The fund's strategy will take advantage of the current market setup, Irving Investors portfolio manager Jacob Sonnenberg said.

Yet another venture secondaries fund has come to market as investors are betting that the owners of once highly valued start-ups will sell shares at a discount because they are eager for liquidity.

Growth investment firm Irving Investors announced it has teamed up with Oak Street Investments, a Denver registered investment adviser, to launch Irving Investors OSC Secondaries Fund I. The duo did not disclose the size of the fund, but a Reg D shows Irving Investors OSC Secondaries Fund LLC raised $40 million from 99 investors.

The new fund will pursue a strategy similar to that of Pinegrove Capital Partners, a much larger secondaries fund being raised by Brookfield Asset Management and Sequoia Heritage, which is Sequoia Capital’s wealth fund, as affiliate title Venture Capital Journal previously reported. Brookfield and Sequoia each plan to invest $250 million in Pinegrove, which is seeking a total of $2 billion from institutional investors for its debut fund, according to a report by the Financial Times.

“Pinegrove will buy up stakes in start-ups from venture backers who are under pressure to deliver returns to their own investors, as well as shares in venture funds from people looking to cash out,” the FT story stated.

Likewise, the strategy of Irving Investors’ secondaries fund “is to take advantage of the current market setup, with a significant correction in high-growth tech valuations and a stalled IPO engine since 2021”, Jacob Sonnenberg, a portfolio manager with Irving Investors, said in a statement.

Jeremy Abelson, founder of Irving Investors, said the new fund “will target only what are believed to be the absolute highest quality late-stage companies and we will acquire positions by offering motivated individual shareholders an opportunity for liquidity”.

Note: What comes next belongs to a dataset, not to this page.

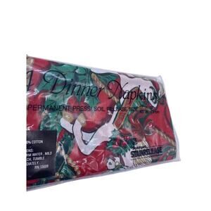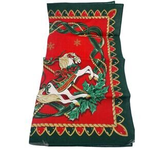Vintage Christmas Napkins Set Lot 4 NEW Fabric Cloth Red Horse Carousel Cotton

The fund plans to acquire the positions over the next one to three years. “This strategy should produce a highly concentrated portfolio as the fund has met 600-plus public market hopeful companies over the last 18 months and we have narrowed down our target list to a group of less than 20 high conviction companies,” Abelson said.

The new funds from Irving Investors and Pinegrove may be coming to market at an opportune time. Hans Swildens, founder of Industry Ventures, one of the biggest players in venture capital secondaries deals, told VCJ last week, “There is more than $130 billion of supply, and supply keeps building, but the bid prices are averaging 40-65 percent off NAV, and this is holding back any sellers in the market from transacting”.

VC secondaries deals include shares in VC-backed companies sold by founders, employees and other shareholders, as well as stakes in VC funds that are sold LPs.

Swildens said volume in the first half of this year has been slower than he anticipated. “We estimate that over $35 billion-plus transacted in the first half [of 2023], which is half our estimated volume estimate for the year,” he told VCJ. “It’s unclear if the back half of the year will double to get us $70 billion more of size. If it does get back to that volume, then we will have a $105 billion estimated year in the market.”

Among the largest secondaries transactions in the first half of the year was Stripe’s sale of about $6.5 billion-worth of employee shares in March. In an announcement for the deal, the payments company said it was valued at about $50 billion, down from the $95 billion valuation that investors assigned to Stripe in March 2021.